At one point I started questioning why I had the power to tell other people’s stories. I felt that my perspective - as a privileged, white, male from northern Europe - had already been told.
Instead, I started to explore borders by lending cameras and voices. I ventured into years of project management, facilitation, method development, and research.
Bordr etc.
It began with eight cross border traders in Southern Africa in 2010. They borrowed cameras for two months and produced the most astounding work - telling their own stories for their own purposes to counter stigma and discrimination.

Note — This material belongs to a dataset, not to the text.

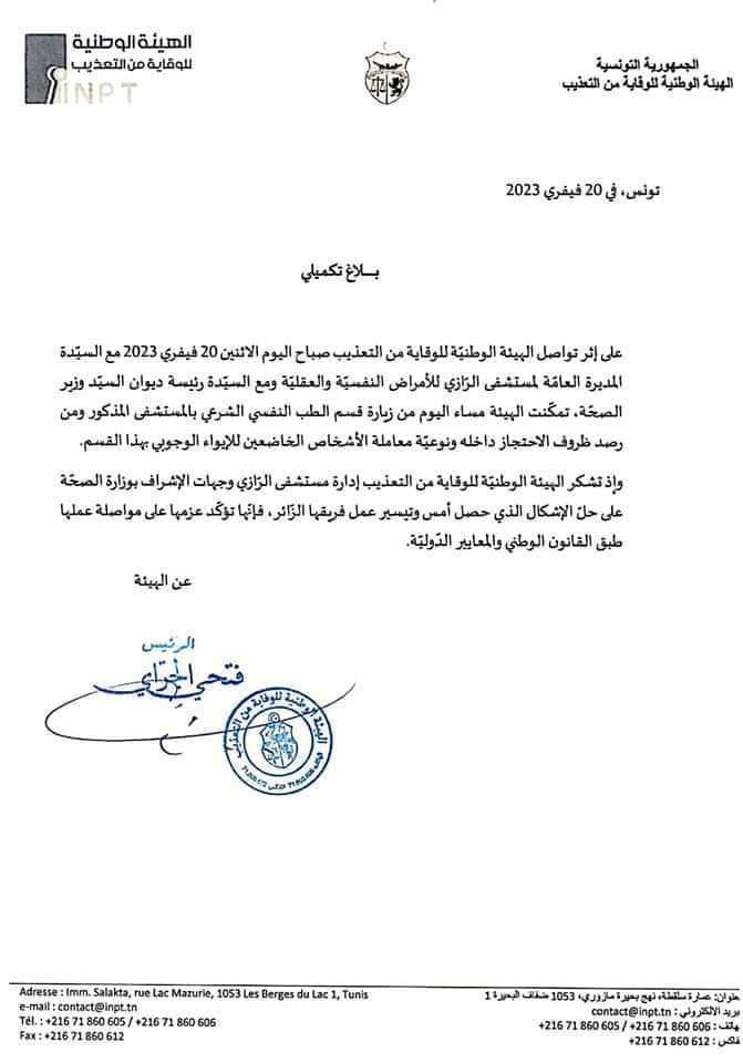 تمكنت الهيئة الوطنية للوقاية من التعذيب، مساء اليوم، من زيارة قسم الطب النفسي الشرعي بالمستشفى المذكور ومن رصد ظروف الاحتجاز داخله ونوعية معاملة الأشخاص الخاضعين للإيواء الوجوبي بهذا القسم.

Resulting exhibitions toured - along with some of the traders - to Namibia, South Africa, Malawi, Mozambique, Zambia, Botswana and 18 cities in Sweden
A revisit four years later showed that the project had contributed to improved perceptions towards the trader community
After this, I lent cameras to immigrants in New York, stateless in Jordan, and pupils in Sweden. Programmer Christo de Klerk, and I co-developed an app where people could log in between places, emotions, and spaces in time.
A new story concept became it’s own organisation - named Bordr
We organized interactive exhibitions in Sweden and New York
EU-funding meant that we could explore participatory storytelling through arts, craft, music and interactive exhibitions. We started learning across initiatives.
Another organisation formed with a digital platform for process sharing called Global Grand Central
Project research led to a side career as an evaluator and facilitator
Along with all the conceptual exploring, I moved back to my rural childhood home in Sweden to better understand where I come from. I became deeply involved with arts cooperative Not Quite, as we tried to co-define the future for a whole village.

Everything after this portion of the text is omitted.